Massive Changes Ahead for Australia’s Migration System

On 27 April 2023, Minister of Home Affairs Clare O’Neill addressed the National Press Club about proposals for a significant reform of Australia’s migration system.

The aims of such a reform? To prioritise the people Australia needs, to make the migration system simpler and more efficient, and to place Australian values once again at the heart of the system.

1. Prioritising skilled migrants

The first proposal from Minister O’Neill is redesigning Australia’s migration system to better address Australia’s needs for skilled migrants.
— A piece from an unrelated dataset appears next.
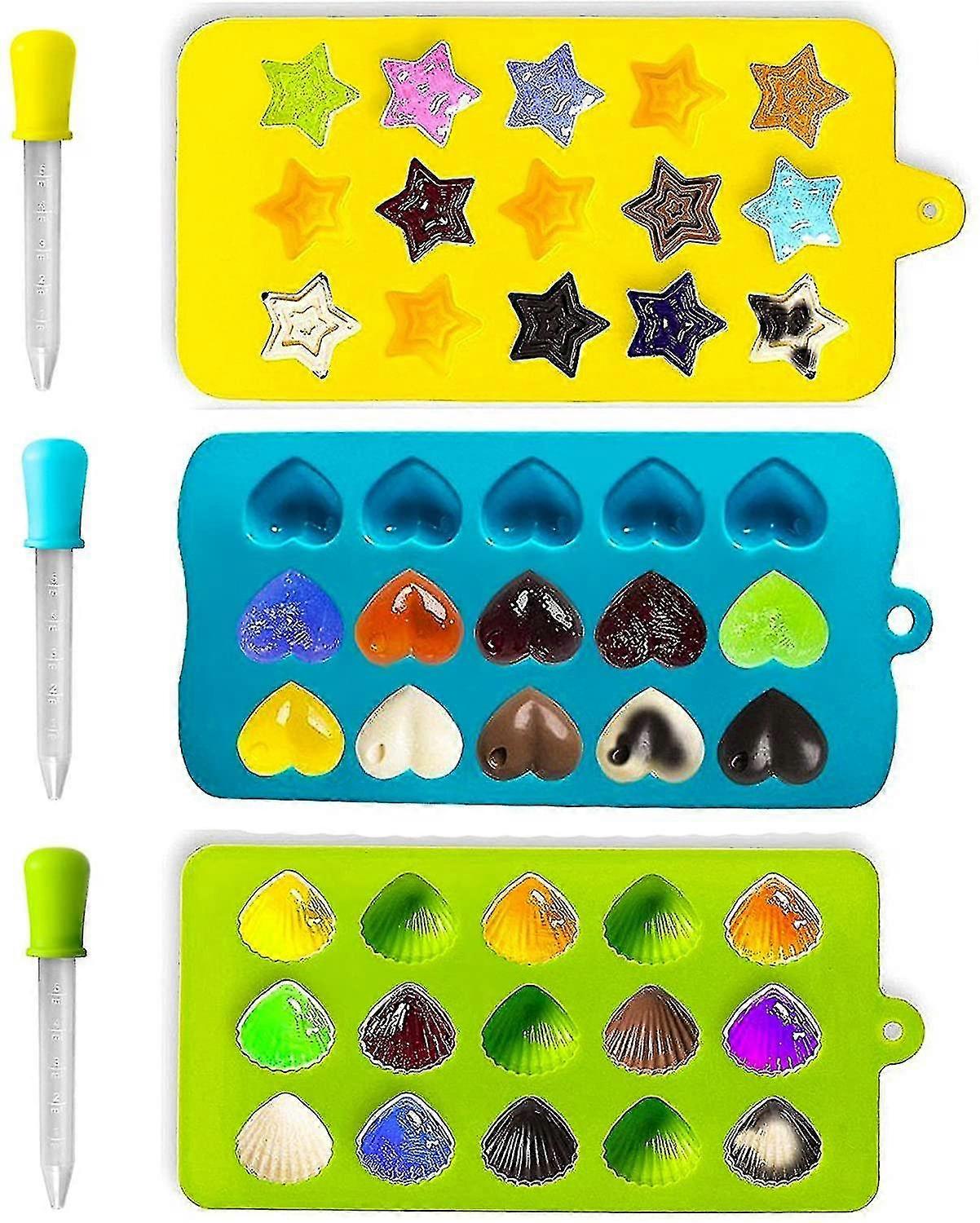 Set of 3 Silicone Ice Cube Molds in Heart, Star, and Shell Shapes, Perfect Ice Trays for Making Fun Ice Cubes

The proposal includes three new pathways for temporary skilled migrants for consideration:

  1. Fast, simple route for specialised highly skilled workers
  2. Mainstream temporary skilled pathway focusing on evidence-based assessments of skills needs
  3. Proper, capped, safe, tripartite pathways for workers in key sectors, such as care, to better support Australia’s industries and to better protect workers

Minister O’Neill also proposes reforming how Australia determines which temporary migrants end up as permanent residents and, ultimately, citizens.

The critical driver for this would be a reform of the points test, which Minister O’Neill says is not working. It sets the bar too low and does not prioritise the skills Australia needs.

Lastly, Minister O’Neill encouraged a more proactive approach to engage with global talent who can help build Australia’s future.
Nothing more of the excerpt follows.